How will using AI tools for Internet searches change humanity’s relationship with machines?

In recent years, technology has advanced to the point where it can provide personalized and interactive responses to user queries. The most notable development in this field is the creation of language models such as ChatGPT, which use natural language processing to provide user-like interactions. The technology has been adopted by some of the biggest players in the tech industry, including Google, Microsoft, and Baidu, to create conversational search engines that could change the relationship between humans and machines.

Microsoft's Bing uses the same technology as ChatGPT, which was developed by OpenAI in San Francisco, California. Announced on February 6, Bard, Google's AI-powered search engine, is currently being used by a small group of testers. Microsoft's version is now widely available, though a waiting list is required for unrestricted access. Baidu's ERNIE bot will launch in March.

The use of conversational search engines has changed the way people interact with technology. Instead of entering a query and receiving a list of results, users can now have a conversation with their search engine, ask follow-up questions, and receive personalized responses. This can make the search process more efficient and intuitive, especially for users who have difficulty expressing their queries.

On a positive note, the adoption of conversational search engines could also have a significant impact on the future of the human-machine relationship. As technology becomes more sophisticated and is able to mimic human interactions, it could blur the lines between humans and machines.

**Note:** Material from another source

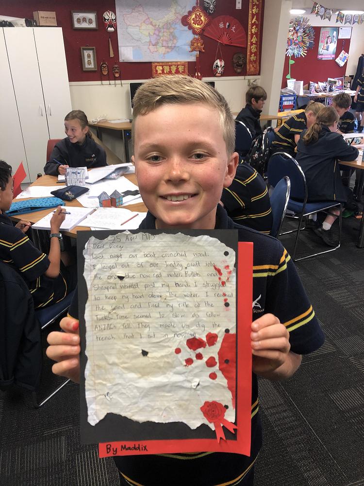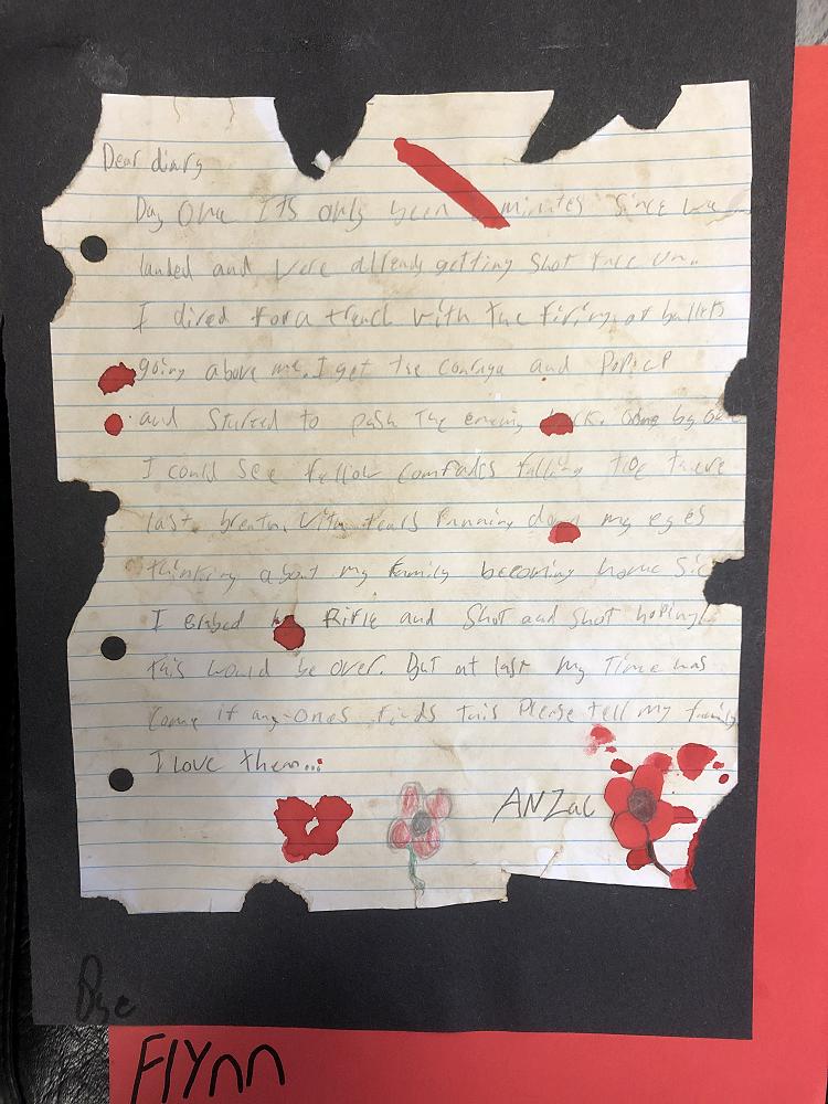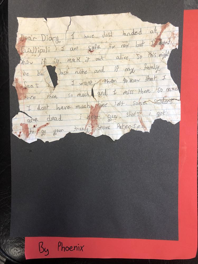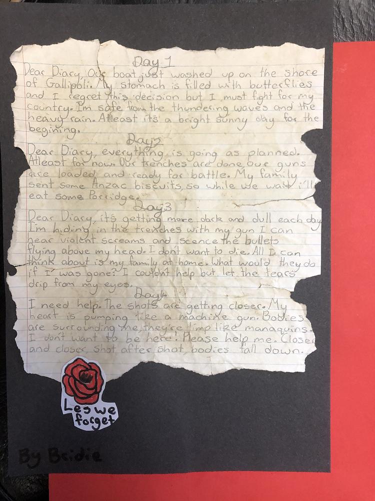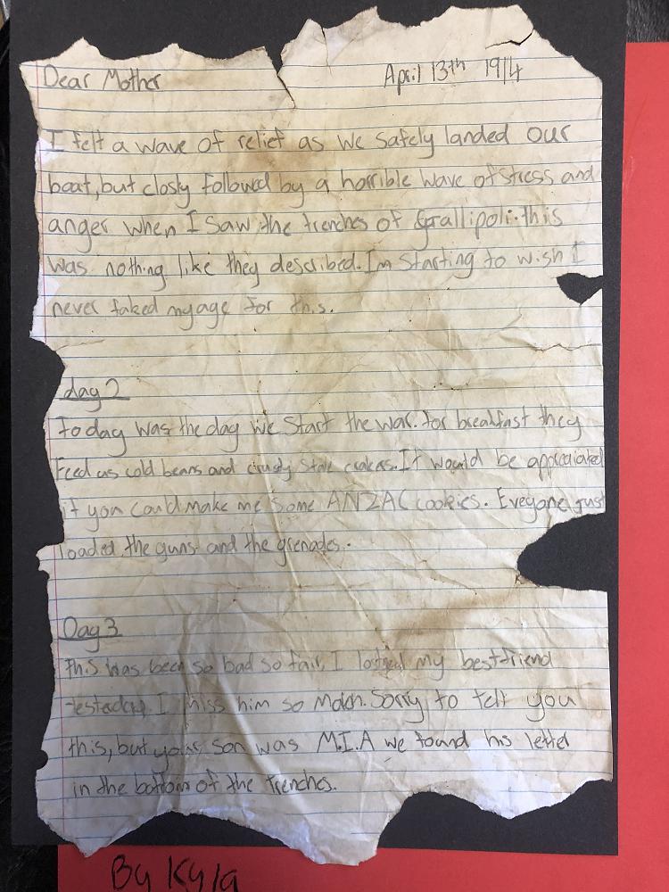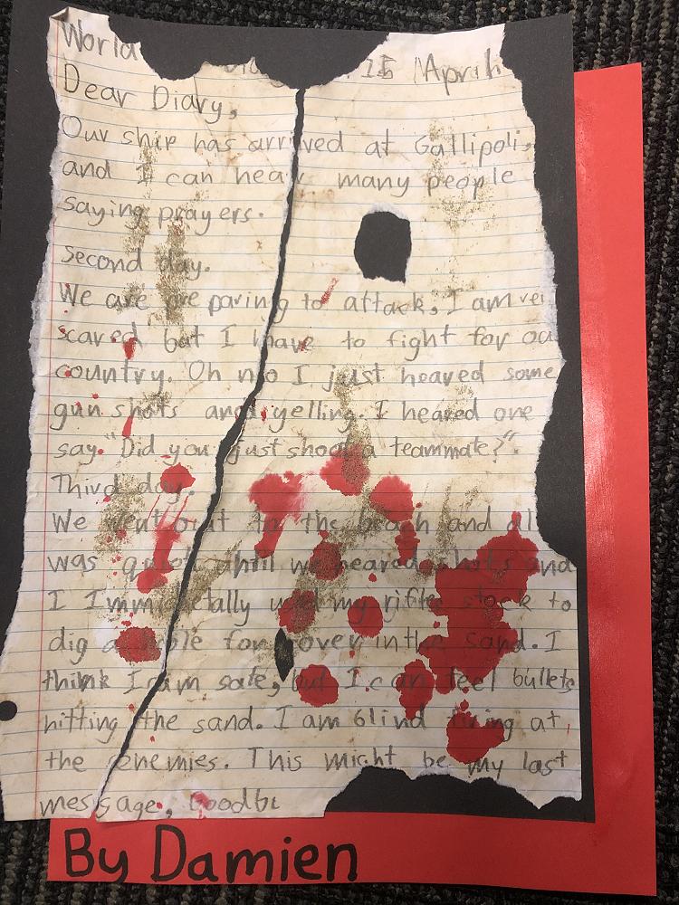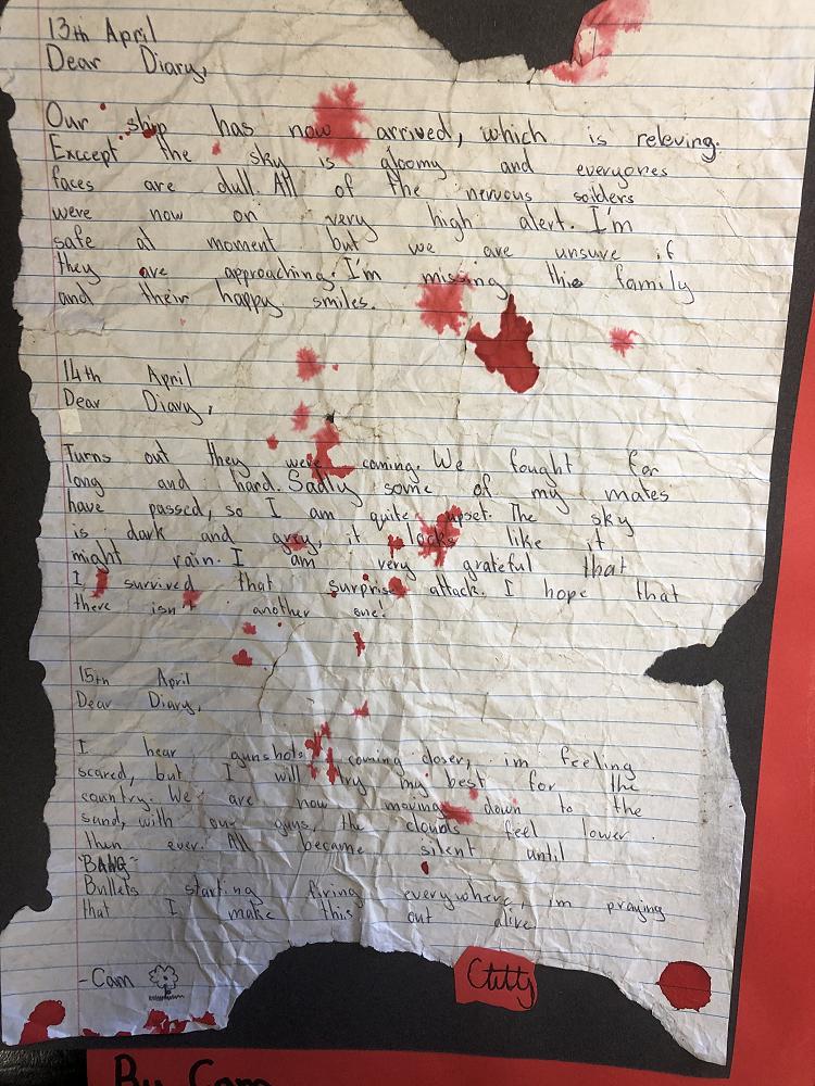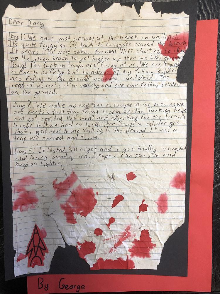 Day One: The boat just landed at Gallipoli. I am felling quite homesick. But after many hours of vomiting and working we are ready for battle. As we got off the boats and into the trenches I was really nervous, but my father once said “fear is a powerful thing don’t let it take control of you”. That gave me courage. My father was a wise but old man.

A 2022 study by a team at the University of Florida in Gainesville found that for participants who interacted with chatbots used by companies like Amazon and Best Buy, the more human-like they thought the conversation was, the more they trusted the chatbot. organize.

On the downside, the enhanced sense of trust could be problematic given that AI chatbots can make mistakes. For common questions, AI's answers may be trustworthy, but for questions it doesn't know the answer to, ChatGPT tends to create fictional answers. Some have speculated that, if discovered, these errors, rather than increasing trust, could cause users to lose confidence in chat-based searches.

Compounding the problem of inaccuracy is a relative lack of transparency. Typically, search engines show users their sources—lists of links—and let them decide what they trust. How AI-powered search will work is completely opaque, and if language models malfunction, hallucinate, or spread misinformation, this could have significant repercussions. If search bots make enough mistakes, far from increasing trust in their conversational abilities, they risk subverting users' perceptions of search engines as unbiased arbiters of truth.

Chatbot-driven searches blur the distinction between machines and humans, says Giada Pistilli, chief ethicist at Hugging Face, a data science platform in Paris. The platform promotes the responsible use of artificial intelligence. She worries about how quickly companies are adopting AI advances. "We always have these new technologies thrown at us without any control or educational framework of how to use them."